Le PS, «irresponsable»

«Je leur demande de s'investir de toutes leurs forces dans les secteurs qui nous ont qualifiés au second tour et où il y a quelque chose à faire et où il n'y a pas de risque de victoire de l'extrême droite», a déclaré Sébastien Delogu dans une brève déclaration.

Il a aussi dénoncé une nouvelle fois «l'irresponsabilité» de Benoît Payan, qui a rejeté toute alliance ou ralliement avec la liste conduite par le député La France insoumise (LFI, gauche radicale), qui avait recueilli 11,9% au premier tour dimanche. «Les socialistes sont arrivés en tête et ont fait la démonstration de leur irresponsabilité et de leur sectarisme. L'Histoire les jugera. C'est dans cet esprit de responsabilité que nous prenons la décision de retirer notre liste et de ne pas participer au pari inconséquent de Benoît Payan», a déclaré Sébastien Delogu.

Benoît Payan, à la tête d'une coalition gauche-société civile-écologistes, est arrivé d'une courte tête (36,70%) devant le député du RN Franck Allisio (35,02%). La candidate de la droite et du centre Martine Vassal, qui a recueilli 12,4%, a annoncé lundi son maintien. Après l'annonce du retrait de Sébastien Delogu, ces trois candidats s'affronteront donc dimanche dans le cadre d'une triangulaire.

Le «sang-froid» de Delogu

Dans la foulée de cette annonce, le leader de LFI Jean-Luc Mélenchon a salué le «sang-froid» et le «dévouement à la dignité de Marseille» de Sébastien Delogu, tout en dénonçant «le sectarisme aveuglé de Benoît Payan et son arrogance».

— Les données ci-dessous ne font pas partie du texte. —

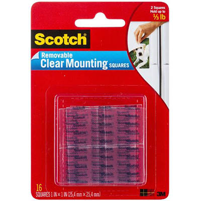 SCOTCH 859 MOUNTING SQUARES REMOVABLE 25.4MM CLEAR PACK 16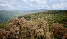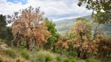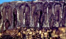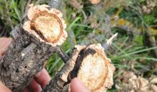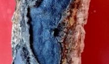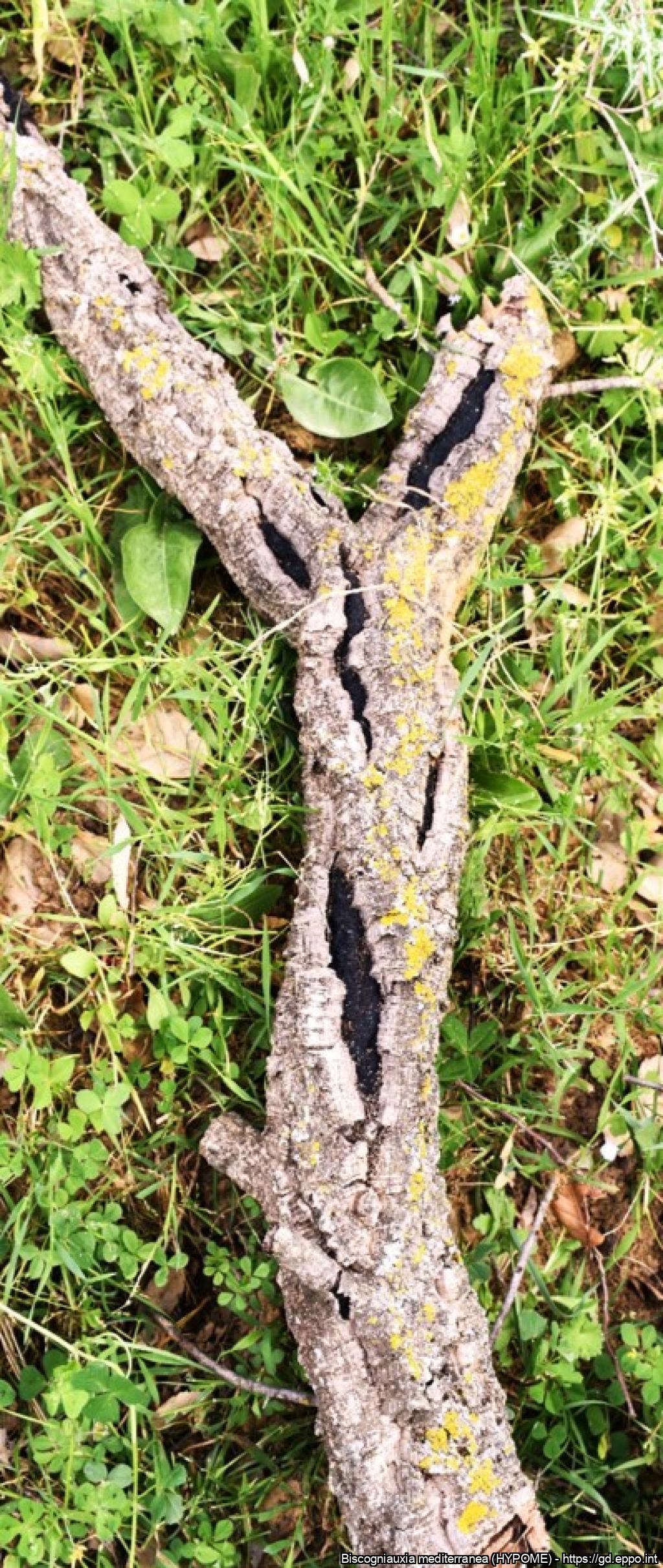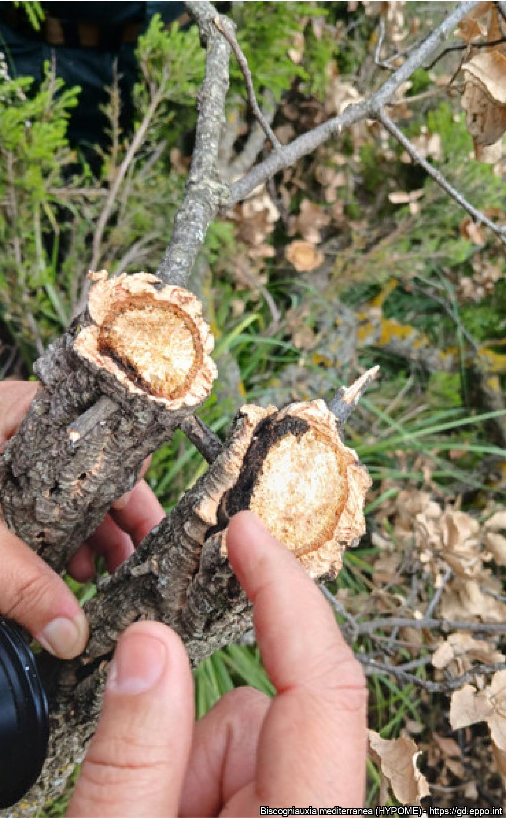 Cross section of a cork oak branch illustrating colonization of the cambial tissues by Biscogniauxia mediterranea, leading to blackening of the affected tissues.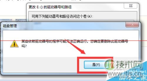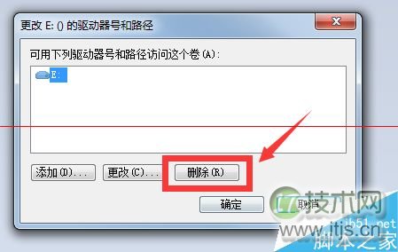 4、你需要先记住你这个盘的代号,是D盘呢还是E盘。以备等下的显示。记住后我们就可以点击【删除】了。你不用担心,这里删除只是把这个盘的盘代号给删掉~完完全全不会影响盘里的内容。

Le premier tour de ces élections locales a été marqué par la percée de la gauche radicale et des scores favorables à l'extrême droite, plaçant les forces politiques, et notamment la gauche, face à de nombreux dilemmes dans un scrutin qui a valeur de test à treize mois de la prochaine présidentielle. Le scrutin a aussi été marqué par une progression de l'abstention.